* **Dataset excerpt**
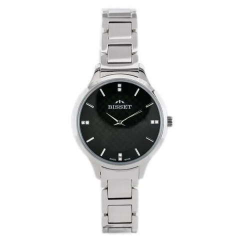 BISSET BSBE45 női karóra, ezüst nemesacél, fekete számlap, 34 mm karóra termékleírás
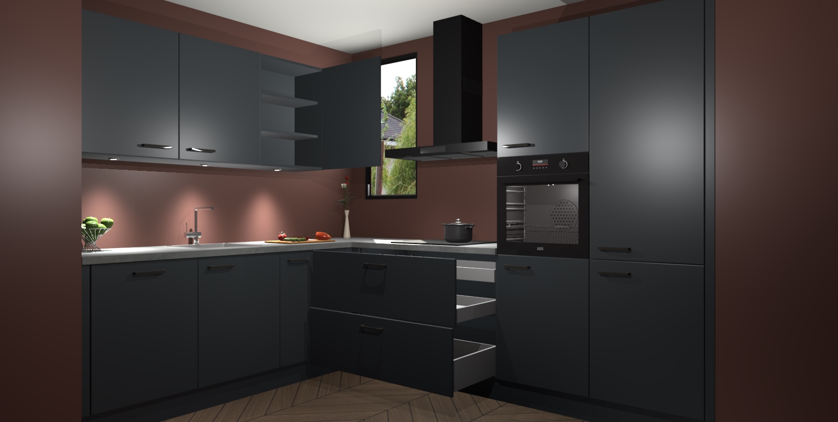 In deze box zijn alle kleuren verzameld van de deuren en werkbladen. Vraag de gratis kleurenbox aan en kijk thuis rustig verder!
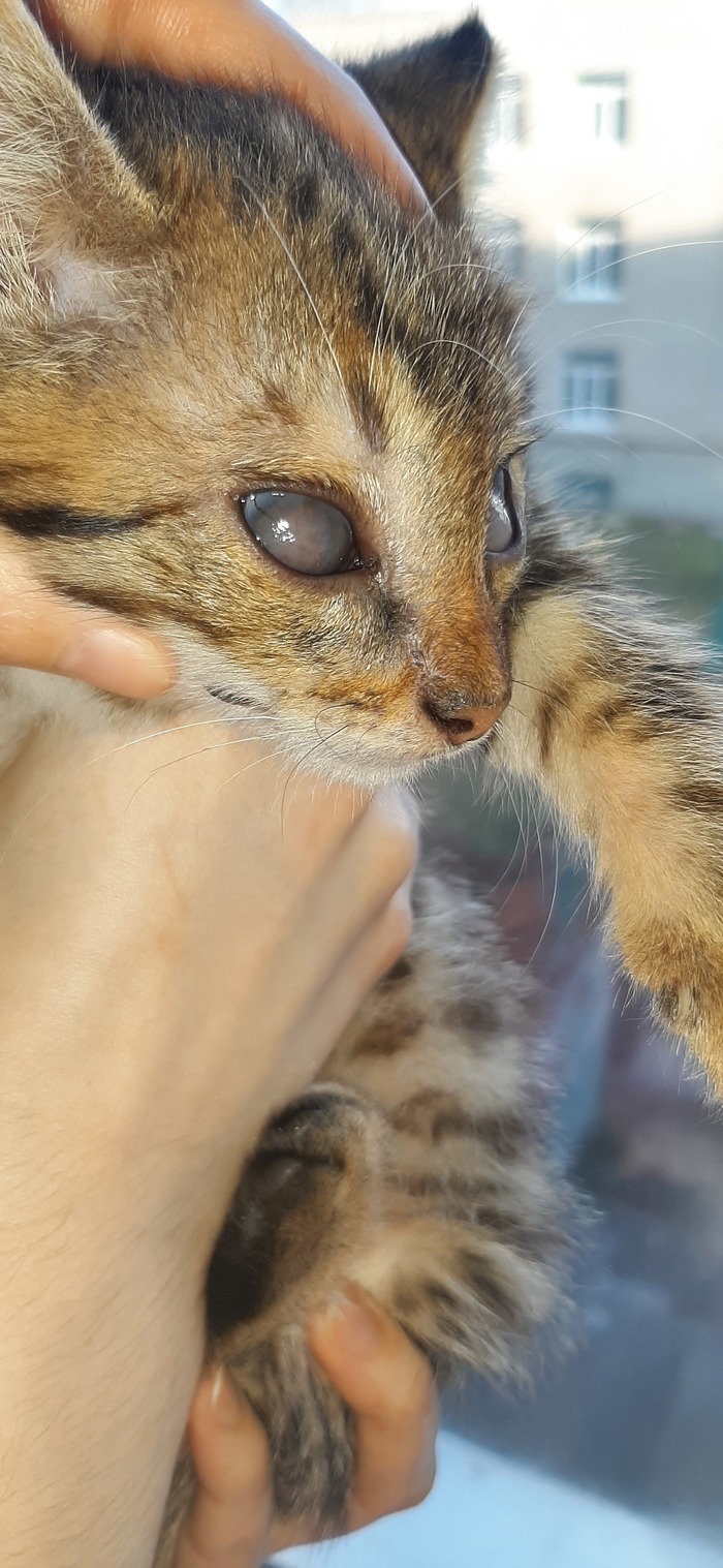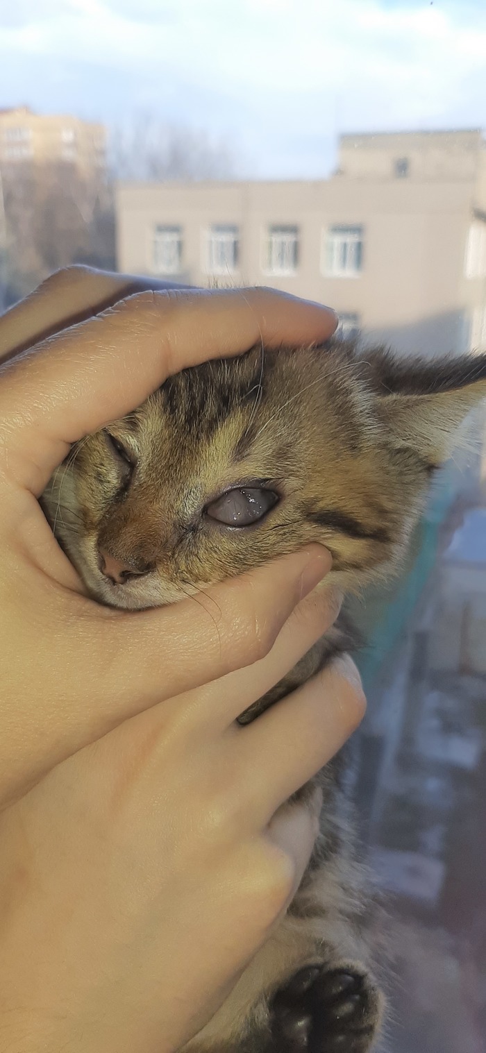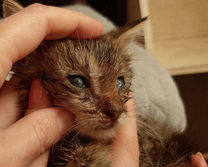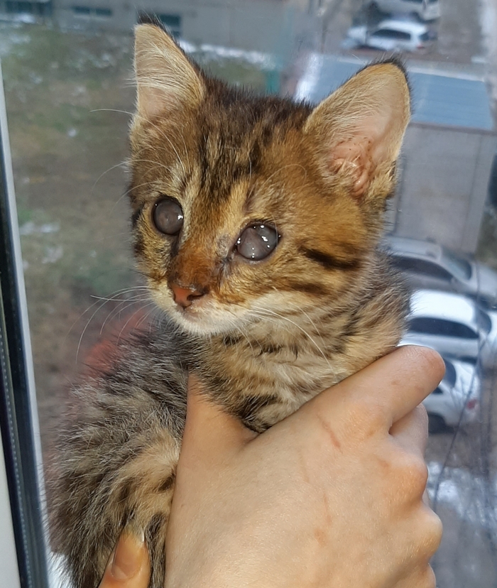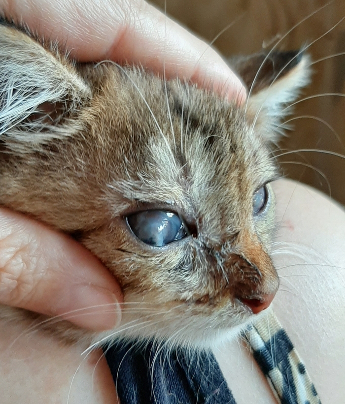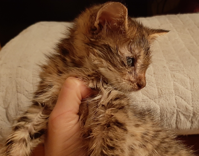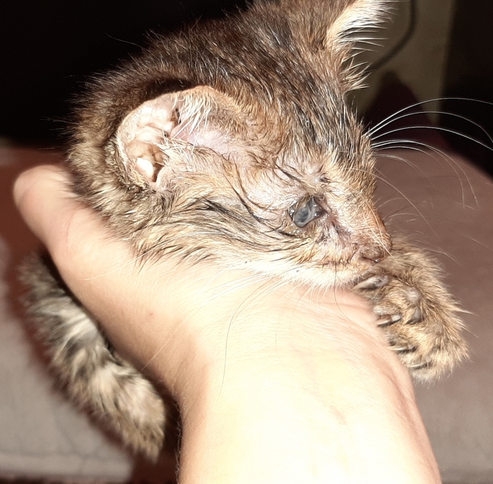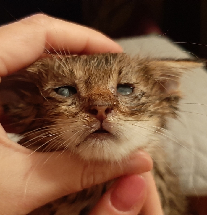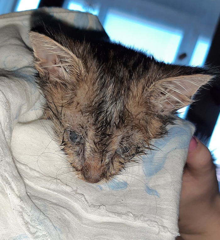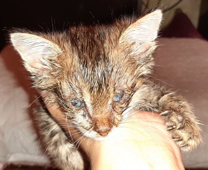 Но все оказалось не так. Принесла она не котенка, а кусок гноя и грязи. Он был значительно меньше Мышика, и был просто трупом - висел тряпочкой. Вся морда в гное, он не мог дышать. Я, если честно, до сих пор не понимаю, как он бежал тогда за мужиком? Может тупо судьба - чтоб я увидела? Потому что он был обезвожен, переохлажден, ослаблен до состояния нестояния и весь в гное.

* **About this exercise**
In the answer, set down only the lines from the opening line of the listing through the line that holds "In deze box", exactly as they appear, minus the pictures.

* **Solution for this exercise**
 BISSET BSBE45 női karóra, ezüst nemesacél, fekete számlap, 34 mm karóra termékleírás
 In deze box zijn alle kleuren verzameld van de deuren en werkbladen. Vraag de gratis kleurenbox aan en kijk thuis rustig verder!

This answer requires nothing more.